Without further ado, here are the tools that I carry with me on any exit regardless of distance:
- Tube: even though my gravel uses a tubeless tire, it doesn’t hurt to carry a tube in case the hole is too big, and the sealant can’t do its job.
- Multi-function wrench tool with various sizes and screwdriver.
- Tire and tube patches. The rim patch is somewhat larger and thicker.
- Key to remove air valve. My tires use a presta valve and since they are tubeless, the upper part of the valve is removed to fill with sealing fluid (or anti-puncture).
- Additional presta valve.
- Patch glue. It may not be necessary but just in case.
- Spatula to remove the tire.
- Sandpaper to file the damaged tire or tube area.
- Needle to introduce tubeless rim repair wicks.
- Tubeless tire repair wicks. If the hole in the tire is large, you will surely need to put a wick on the tire, as the patch is not enough.
- Safety cable, to tie the bicycle when I stop at a store to buy drinks and food.
- Small knife wrapped in tape. It’s actually a piece of razor blade.
- Chain lock, in case the one with the chain should burst.
I carry all the above in a tool storage bottle and you can see it in the following image. By the way, it is a Bontrager brand.
The bottle is small, but you can buy a bigger one. If this is the case, you must make sure that it fits in the bottle holder of your bicycle.
I must admit that the tools, the tube, and security cable hardly fit in the tool storage bottle, but for now it is enough for me.

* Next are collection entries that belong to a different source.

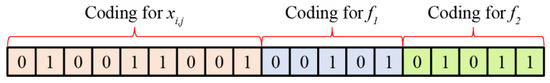f2, respectively. The binary encoding of the chromosome is shown in
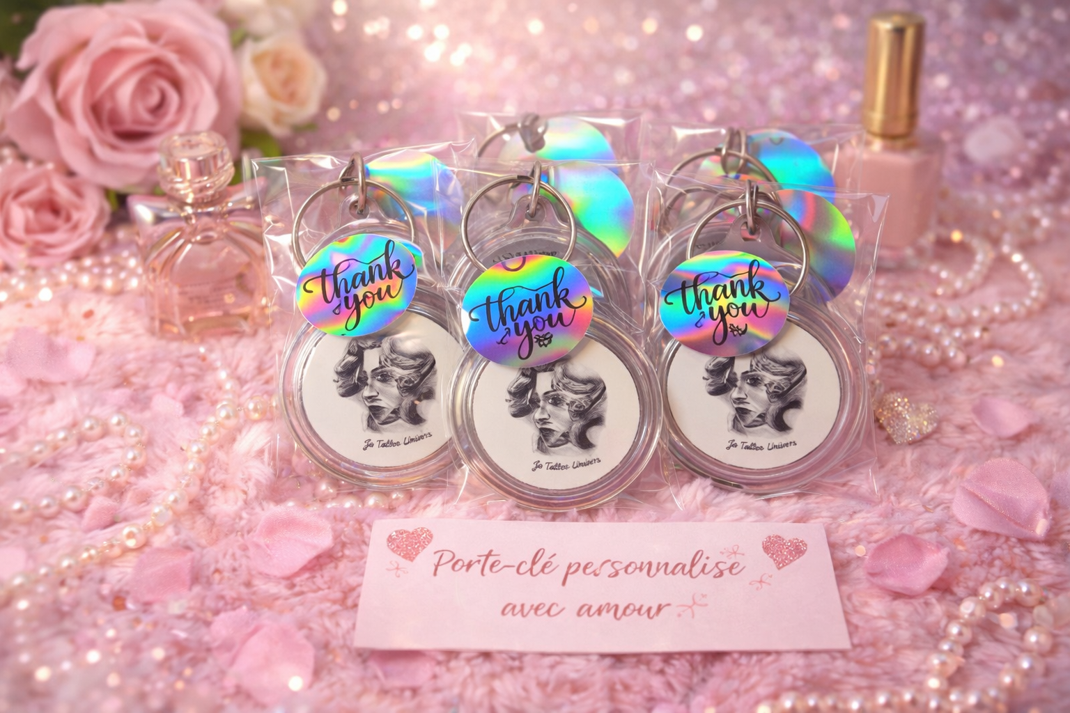 Chaque porte-clé est imprimé avec nos coordonnées complètes (recto) et un visuel de qualité (verso).
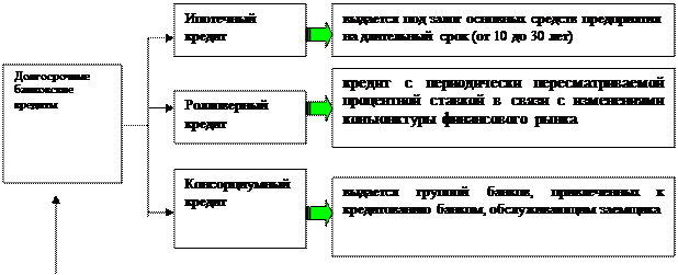 Банковский кредит является наиболее распространенной формой кредитных отношений. Банковское кредитованиеможет осуществляться в виде краткосрочных (до 1 года), среднесрочных (до 3 лет) и долгосрочных кредитов.
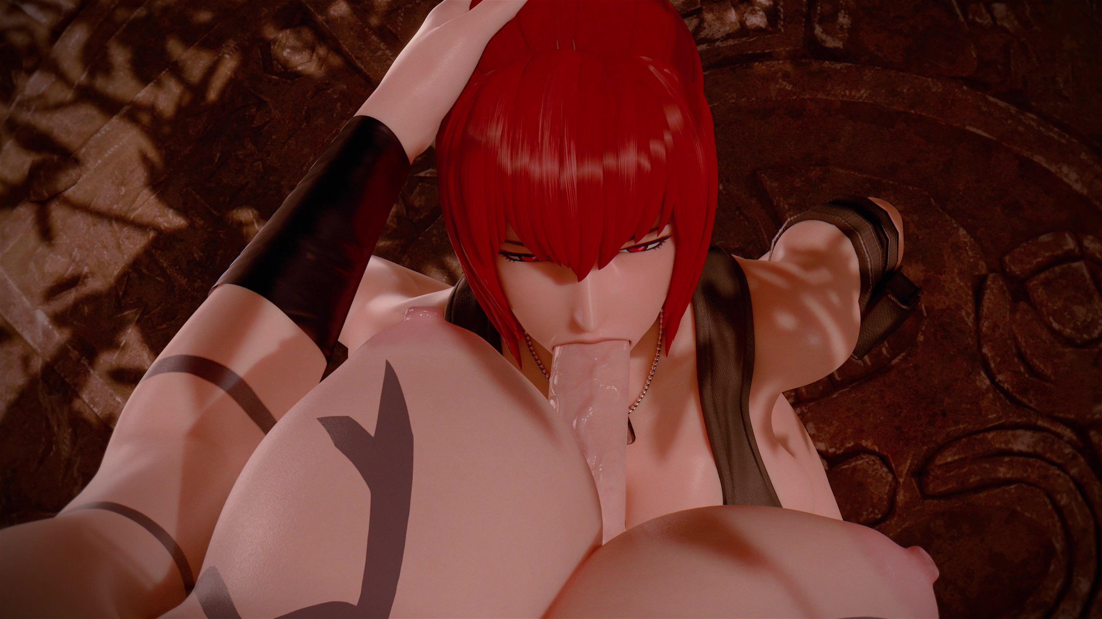 'Leona and Orochi Fucking with Bouquetman in a No-Warned Blowjob Scene'
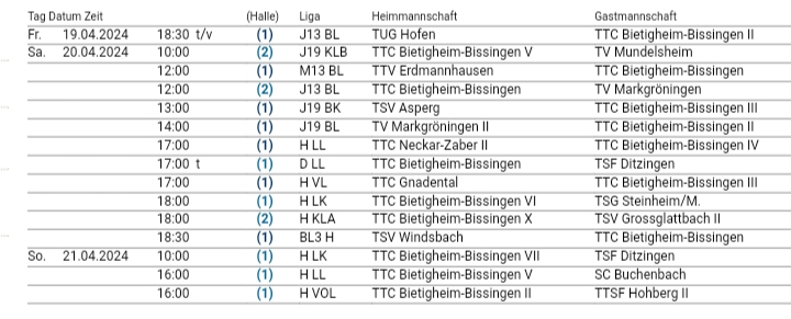 15 Teams des TTC’s sind hier nochmals im Einsatz, darunter sechs Jugend- und neun Herren-/Damen-Mannschaften.
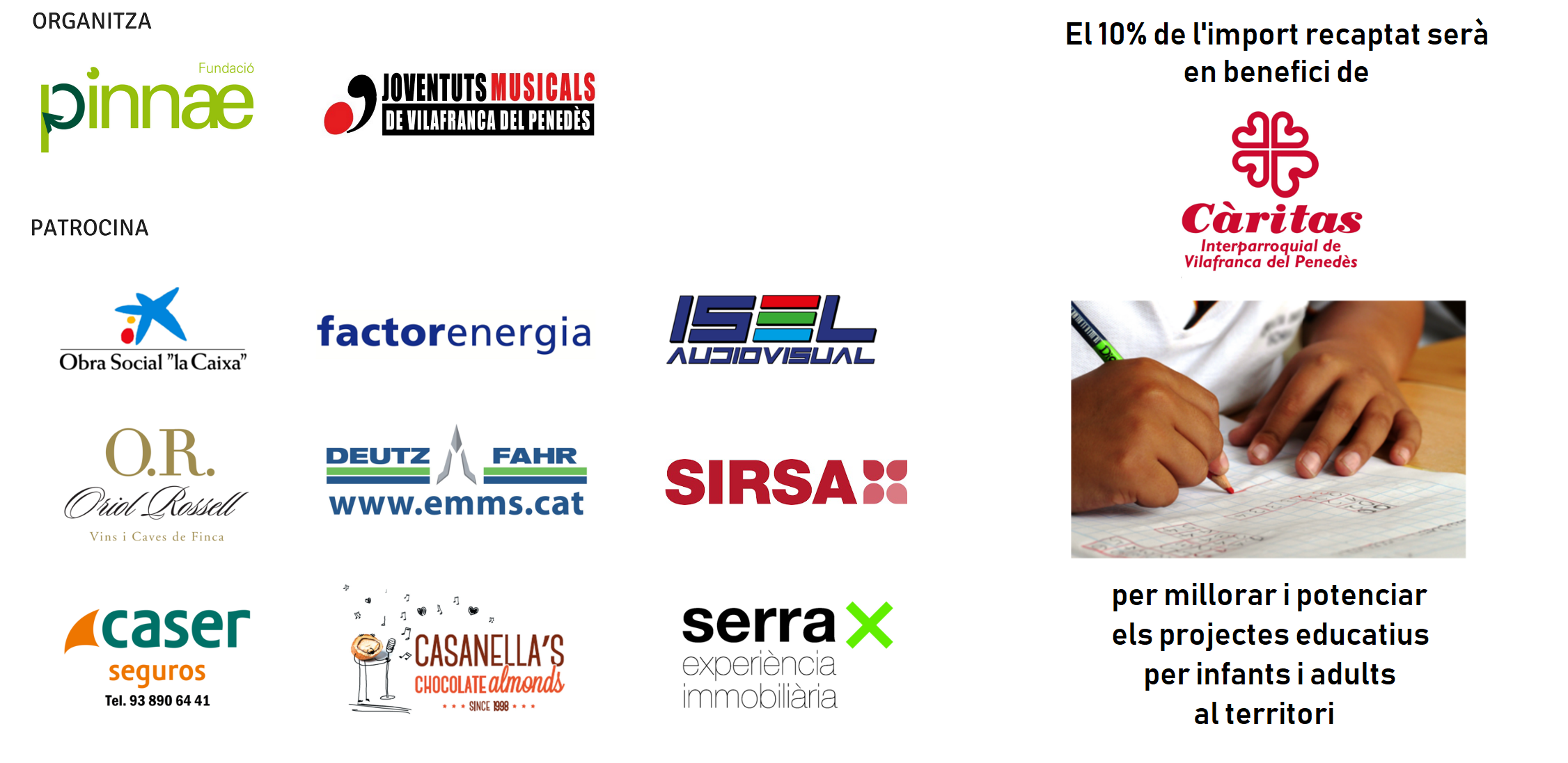 El MUSiCVEU és un festival de música solidari que neix l’any 2015 gràcies a la suma de sinèrgies entre la Fundació Pinnae i Joventuts Musicals de Vilafranca i que enguany destina part de la seva recaptació als programes educatius de Càritas Interparroquial de Vilafranca.
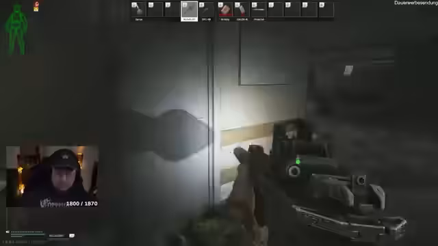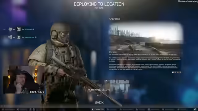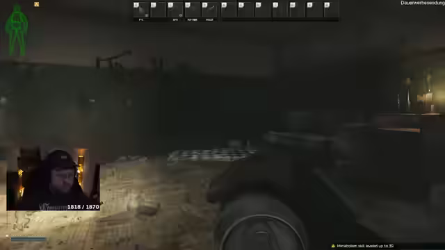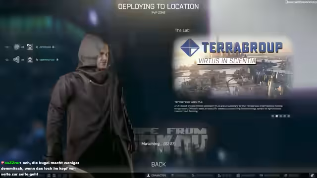 00:53:58Ein neuer Raid beginnt nach langer Wartezeit. Kalle spawnet in einer Wüstenlandschaft und lootet schnell (Toolbox, Waffen). Er erlegt einen humanoiden NPC (Ghost) und später einen PMC-Spieler. Nach intensivem Kampf mit Schussverletzungen (Bluten) und Heilung wird er schwer beschossen – der Gegner hatte wohl seine Position durch vorheriges Feuergefecht bekannt. Trotz initialer Treffer stirbt er schnell durch Gegenfeuer. Im Nachhinein vermutet er einen Fehler in der Waffenwahl (Shotgun) und diskutiert Tarkov-ähnliche Cheater-Möglichkeiten, da der Gegner sofort nach seinem Respawn wusste, wo er stand.
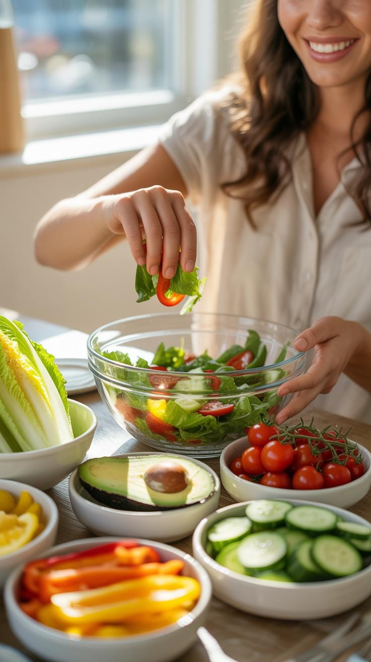 • Protein Toppers: Scatter chickpeas, feta cheese, or grilled chicken on top for heartiness.

On the other hand, and in addition to all the aforementioned, do not forget to bring an air pump and there are of all kinds.

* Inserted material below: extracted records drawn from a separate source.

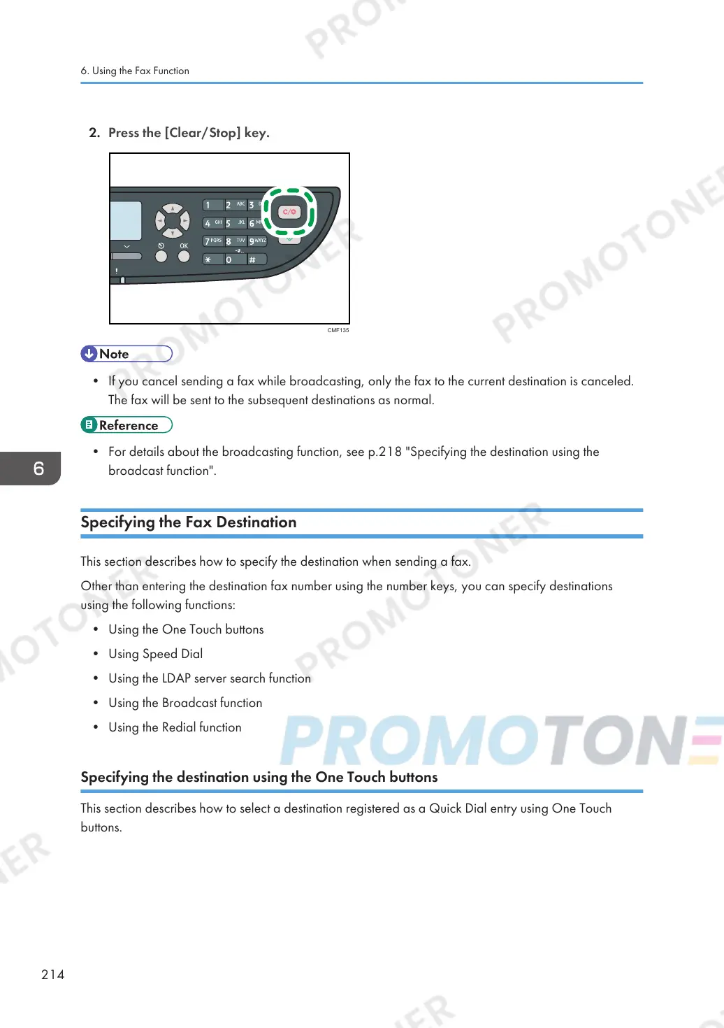 • If you cancel sending a fax while broadcasting, only the fax to the current destination is canceled.
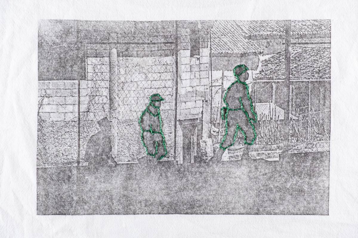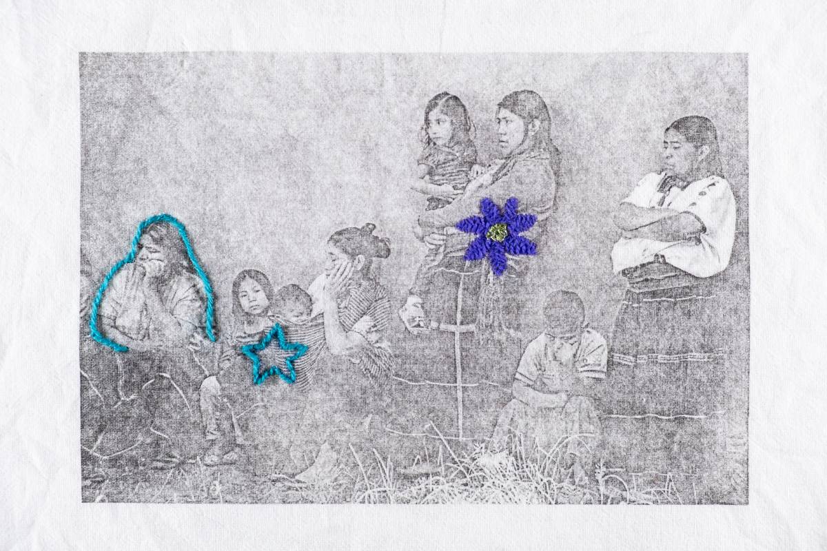 Con hijas e hijos en brazos, bajaron una cuesta hasta llegar al patio de uno de los centros de reunión comunal. Las imágenes impresas que dan cuenta de la historia reciente de Aldama fueron extendidas ante sus ojos: ancianas desplazadas, militares que patrullan la zona, paisajes, telares, cuerpos asustados, cuerpos heridos, casas con impactos de bala. Las mujeres miraron los lienzos, ubicaron algunas caras conocidas pero no reconocieron su identidad y no quisieron ser representadas de esta forma. Tomaron los hilos de colores e intervinieron las imágenes. Al poco, mientras iban ensartando agujas y haciendo puntadas, empezaron a bromear, a reír y soltar carcajadas. La intervención relajó sus cuerpos, iluminó su mente y tornó al ambiente festivo. Pidieron una bebida gaseosa como en los días de celebración.
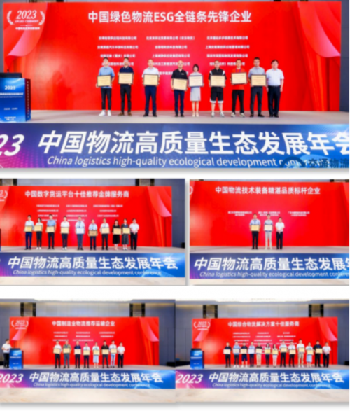 本次峰会设立了2023中国物流优秀创新案例,共计公布了8大奖项,分别是:中国绿色物流ESG全链条先锋企业、中国数字供应链科技创新高效卓越之星、中国数字货运平台十佳推荐金牌服务商、中国物流技术装备精湛品质标杆企业、中国物流推荐车辆、中国综合物流解决方案十佳服务商、中国制造业物流推荐运输企业、中国物流/数字物流领军人物,并由郑德岭社长为获得荣誉的企业进行授牌。(颁奖仪式)
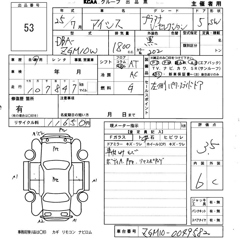 TOYOTA ISIS PLATANA V SELECTION - лот 53

Some cyclists choose to carry more or less tools. Everything will depend on the personal experience of each one. What I don’t have is:
- Chain braker, although it may happen that the chain breaks, it is very rare. However, I confess that once my chain burst, but it was riding on my MTB and luckily a cousin who was with me fixed it. I am very bad with mechanics.
- Spoke wrench. It feels bulky to me and lightning or loosening a spoke is very-very rare.
But if on your first trips taking these two tools, or at least the first one, makes you feel more secure, then go ahead. The important thing is to gain experience and that brings confidence.
Where to carry the tools
On where to take the tools, this is also a matter of personal preference. The experience will tell you which is the best place.
There are multiple locations, but the main options are:
- Seat bag: It is the most traditional place and there are bags of all sizes, materials, brands, and colors.
- Jersey pockets: if you have a cycling jersey with pockets it may be an option. Personally, it is not my favorite place. Here I prefer to place the cell phone or nutritional bars or the wallet, although lately I do not use these pockets, because with the heat it makes me sweat more and the articles get wet.
- Handlebar bag: It is a fashionable option although it is used more to carry the cell phone, wallet, or food.
- Tool storage bottle: It is a very popular option among gravel riders, but not among road or MTB cyclists, since the most common is in a seat bag. Such bikes do not have a third bottle holder, even some MTBs only have one.
Personally, I prefer the tool storage holder, as I explained previously, and in the following image you can see its location, which is at the inferior side of the bottom tube of the bicycle frame. Putting it here, the other two bottle holders are free to be used.
There are plenty of tools that can be carried when pedaling on the bike. However, you should consider the inconvenience that this generates, weight and space in your storage areas.
If carrying other tools makes you feel safe, then do it. Consider that the type of route and the distance you will travel are factors that you must also consider defining which ones to take. One more factor is whether you will go alone or accompanied. If it is the latter, it is not necessary that the two or three cyclists have a chain breaker.
In the end, it is, I insist, experience. Useful not only in life, but also in cycling.